70 Durante este período, las pérdidas de Cerro de Pasco Corporation fueron mayores en comparación a la pérdida de toda la década anterior. Los mineros realizaron marchas de sacrificio hacia Lima y hubieron violentas confrontaciones con la policía, produciéndose muertes (D. Sulmont, 1980)
Con el fin de impulsar la proletarización de la fuerza de trabajo, desvinculándola de la agricultura campesina y haciéndola totalmente dependiente de sus salarios, la compañía intentó que los mineros para satisfacer sus necesidades se proveyeran solamente del mercado de bienes de consumo. La estrategia de la compañía consistía en ajustar la vida familiar de su población dependiente al ideal “moderno”, procurando ampliar sus necesidades de consumo en el mercado. Esto explica, entre otros aspectos, la introducción en la dieta familiar de alimentos industrializados. A su vez, la empresa trataba de que los mineros fueran autosuficientes, pero al eliminar los servicios “paternalistas”, se incrementó el gasto que éstos debían cubrir con sus salarios.

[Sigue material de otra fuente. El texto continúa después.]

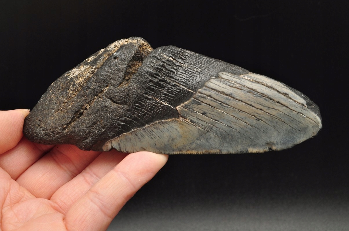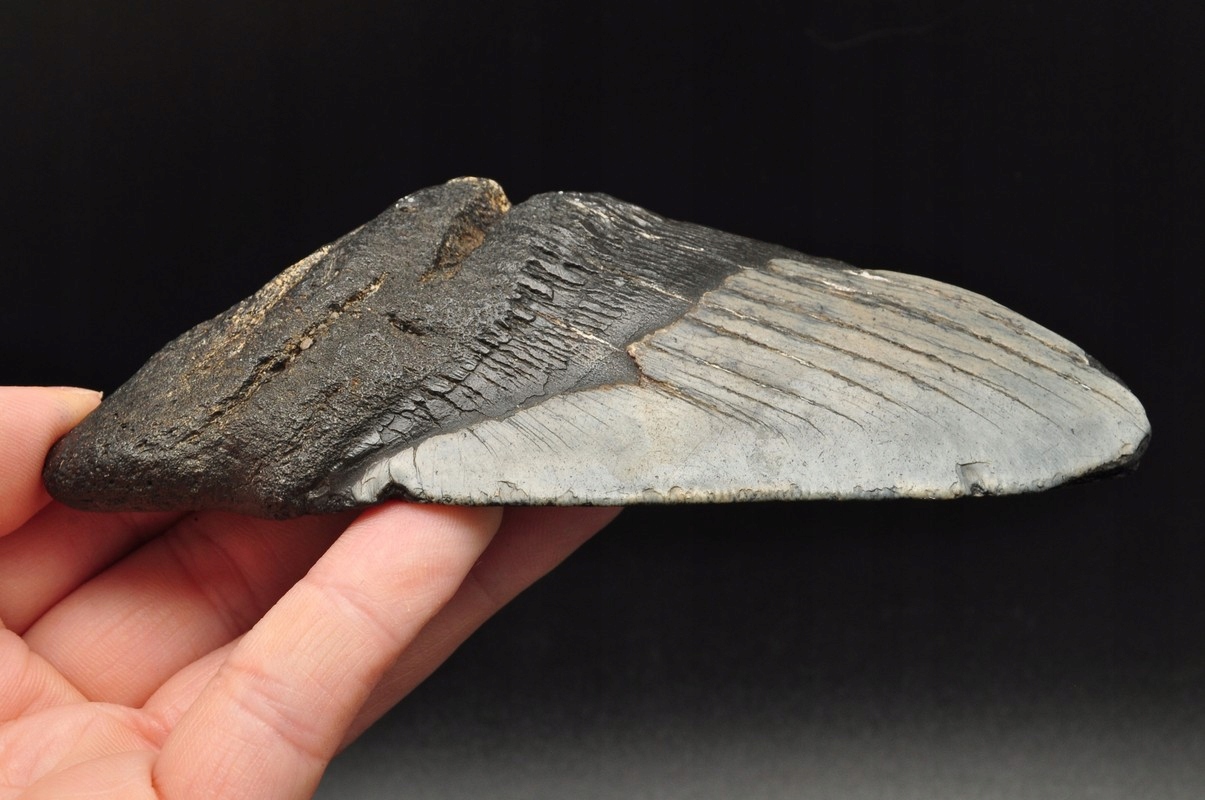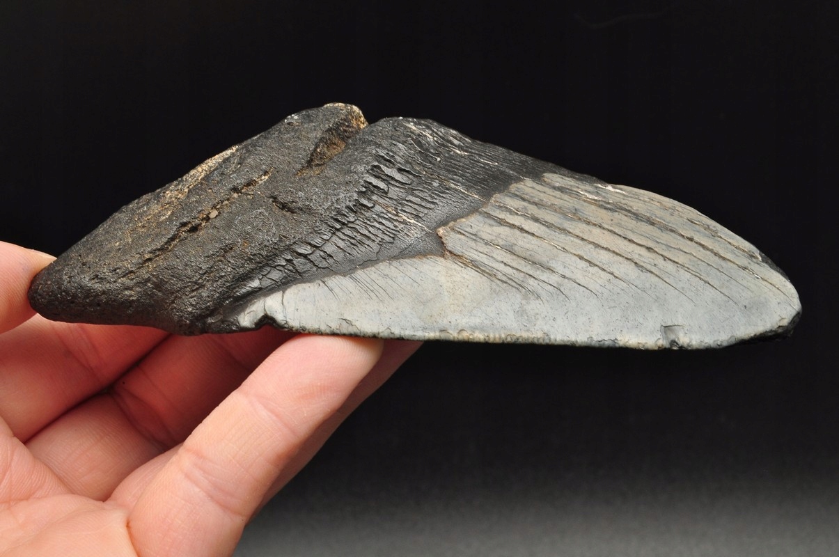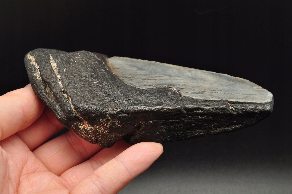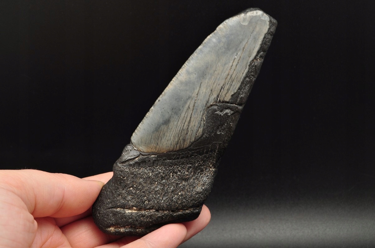 ДУЖЕ ДОБРЕ ЗБЕРІГЛАСЯ ПОЛОВИНА ЗУБА ВИМИРЛОЇ АКУЛИ МЕГАЛОДОНУ. 100% ОРИГІНАЛЬНА ВИКОПЛІННЯ ДЛЯ КОЛЕКЦІЇ АБО НА ПОДАРУНОК.

En La Oroya la dinámica urbana se encontraba subordinada y limitada por la actividad productiva. La ciudadanía no tenía pleno desarrollo, en este sitio el “ciudadano” no es propietario de nada, no es libre para realizar actividades independientes, es fundamentalmente un asalariado. Su permanencia en el campamento depende de la vigencia de su contrato. Las formas de sociabilidad que desarrolla intentan ser reguladas por un protocolo laboral que impone la compañía que controla la vida en el lugar y procesa el mineral. Se trata de un fenómeno cultural que impactó en la vida cotidiana de los habitantes de este centro minero- metalúrgico, y tuvo repercusiones en el conjunto del país, más allá de los beneficios económicos que generó.

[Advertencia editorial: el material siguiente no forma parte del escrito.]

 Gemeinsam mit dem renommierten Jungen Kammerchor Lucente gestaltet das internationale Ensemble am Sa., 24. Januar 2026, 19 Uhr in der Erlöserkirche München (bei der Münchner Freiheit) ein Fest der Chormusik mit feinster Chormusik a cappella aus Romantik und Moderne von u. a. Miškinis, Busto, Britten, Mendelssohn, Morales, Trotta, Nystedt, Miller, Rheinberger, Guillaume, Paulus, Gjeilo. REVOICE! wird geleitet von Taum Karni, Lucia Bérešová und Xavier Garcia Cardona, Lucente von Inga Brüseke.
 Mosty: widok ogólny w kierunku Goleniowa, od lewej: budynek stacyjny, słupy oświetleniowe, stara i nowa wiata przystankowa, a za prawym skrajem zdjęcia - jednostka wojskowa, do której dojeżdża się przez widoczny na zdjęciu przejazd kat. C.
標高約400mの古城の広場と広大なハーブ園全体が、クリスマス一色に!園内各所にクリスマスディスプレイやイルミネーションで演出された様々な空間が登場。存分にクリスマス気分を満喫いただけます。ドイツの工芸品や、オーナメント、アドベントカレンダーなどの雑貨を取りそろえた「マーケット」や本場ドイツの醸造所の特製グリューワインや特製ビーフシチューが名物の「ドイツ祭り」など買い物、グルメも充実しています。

En este centro minero-metalúrgico, la compañía controlaba la gestión urbana, tomando decisiones en relación a la ocupación del espacio y el crecimiento del campamento conforme a sus intereses. El gobierno local (Municipio) no ejercía un control efectivo en relación al desarrollo urbano. Al respecto presentamos el siguiente testimonio:
“Antes éramos dueños de grandes tierras y la empresa nos expulsó al cerro y ni siquiera eso nos quería dejar el Municipio. Algunos creen que como ha crecido, La Oroya ha mejorado. Pero no se dan cuenta que la empresa se ha agarrado casi todo, y así nos ha ido expulsando. Si uno no es minero, no puede vivir en La Oroya, si uno no trabaja para la empresa, no puede vivir en La Oroya, uno se tiene que dedicar a comerciante o irse a otra ciudad, así no es mejor que antes”. (Testimonio de Adela Rivera de Santos, Cooper Acción 2000: 31)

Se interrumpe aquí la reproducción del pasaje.